Subjects were instructed to fast for 4 h prior to the ultrasound scan. The scan was performed by an operator experienced in using the TAEUS system. Subjects were in a slight (30-degree) left lateral decubitus position, with the right arm raised to extend the intercostal space. During a scanning session, the subject’s anatomy was assessed using a wireless, handheld ultrasound system (Vscan Air™ CL, GE Health Care, Milwaukee, WI, USA). A liver window clear of obstructions was first identified with the curved-array side of the probe, after which the subcutaneous fat thickness and liver capsule depth were measured using the linear-array side. The measurement position was marked on the subject with a surgical marker, and the probe orientation was captured with a 9-axis Bluetooth inclinometer (WT901BLECL, WitMotion, Shenzhen, China). Subsequently, a TA scan was performed. A second inclinometer was attached to the TA probe to ensure its orientation matched that of the ultrasound probe. The procedure time for the entire session was usually shorter than 10 min.
TAFF and MRI-PDFF evaluations were obtained within a four-week period to minimize changes in the subject’s liver fat. MRI-PDFF images were acquired by certified personnel at the University of Michigan Hospital on a 3.0-T clinical MRI scanner (Ingenia, Philips Healthcare, Amsterdam, The Netherlands). A three-plane localization gradient-echo sequence was first obtained, followed by an mDIXON-Quant sequence in a single breath hold, which automatically reconstructs the PDFF map. The sequence parameters were: 6 TEs (first TE 0.98 ms, delta TE 0.8 ms), TR 6.3 ms, flip angle 3°, parallel imaging SENSE factor 2, no signal averaging, matrix size 160 × 140, field-of-view (FOV) 400 × 350 mm, 77 slices, and slice thickness 3 mm. MRI-PDFF measurements were obtained from nine manually placed circular regions of interest (ROIs), one in each hepatic segment (I, II, III, IVa, IVb, V, VI, VII, and VIII), ranging from 78 mm^2^ (~10 mm diameter) to 314 mm^2^ (~20 mm diameter), while avoiding large blood vessels [60]. The mean PDFF of the nine ROIs was calculated for each scan. University personnel were blinded to the TA LFF results to avoid skewing the comparison.
2.3. Data Analysis
Regression, area under the receiver operating characteristic curve (AUROC), and accuracy analyses were conducted to evaluate TAFF’s performance relative to the reference-standard MRI-PDFF, with each subject represented by a paired measurement (mean TAFF, mean MRI-PDFF). A Bland–Altman analysis [61] was used to visualize the agreement and distribution of measurement errors. As this clinical study is the first to utilize TAFF, the Bland–Altman plot was also used to identify and correct for measurement bias (i.e., the mean error). Following bias correction, a Deming regression analysis [62] was used to evaluate the relationship between the MRI-PDFF and TAFF estimates of the liver fat. Deming regression was chosen because it appropriately accounts for measurement error in both the reference and test methods, making it well-suited to equivalence testing across methods. Unlike ordinary linear regression, which assumes the independent variable is measured without error, Deming regression provides an unbiased estimate of the relationship between two imperfectly measured variables. It is widely used for comparing clinical and analytical methods and is recommended in several methodological guidelines [63].

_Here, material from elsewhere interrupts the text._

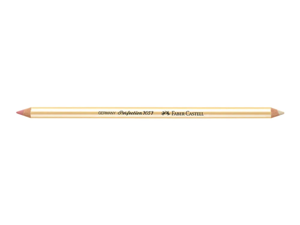 The quality of an eraser and using the correct eraser are crucial for optimum results. Basically, two different materials are used to make erasers: rubber and plastic. All rubber erasers and the majority of the plastic erasers made by Faber-Castell are PVC-free. Faber-Castell PVC-Free erasers do not contain harmful phthalate plasticizer. Phthalates have been reported to cause several undesirable effects when exposed to the human body. The balanced plastic mixture guarantees soft and smear-free erasing.\n\n\n- PERFECTION 7057 eraser pen for precision erasing\n- Red, soft eraser leads for graphite and colour pencils and copies\n- White, hard eraser leads for ink, Indian ink and ballpoint pens\n- Pointed at both ends\n- Latex-free\n\nEcoPencil\n\nWood from sustainably managed forests.\n\nPVC-free\n\nAs a world leader in the production of erasers, Faber-Castell avoids the use of harmful softeners. Most erasers are made from PVC-free plastic.

To estimate the Deming regression line, the ratio of variances between TAFF and MRI-PDFF measurements was required. Measurement variability was calculated from repeated measurements on multiple subjects. To avoid underestimating the variance of TAFF measurements, subjects with only one valid scan were excluded from the average estimate (35 subjects). As MRI performance can vary across vendors and sites, a conservative approach was adopted, relying on the Radiological Society of North America-Quantitative Imaging Biomarkers Alliance (RSNA-QIBA) publication, which quantified MRI-PDFF’s variance using phantom data [15,64]. These publications suggest a standard deviation of 1.67% for pt fat fraction, corresponding to a variance of 2.778. For living subjects, this variance is expected to increase due to inherent variability among in vivo measurements; thus, the performance reported here represents a lower bound. For the TA, the single-operator repeated-measurement standard deviation was computed within subjects with multiple valid scans and then averaged across subjects. The resulting Deming regression confidence interval was compared with the identity line (MRI-PDFF = TAFF) to assess method equivalence.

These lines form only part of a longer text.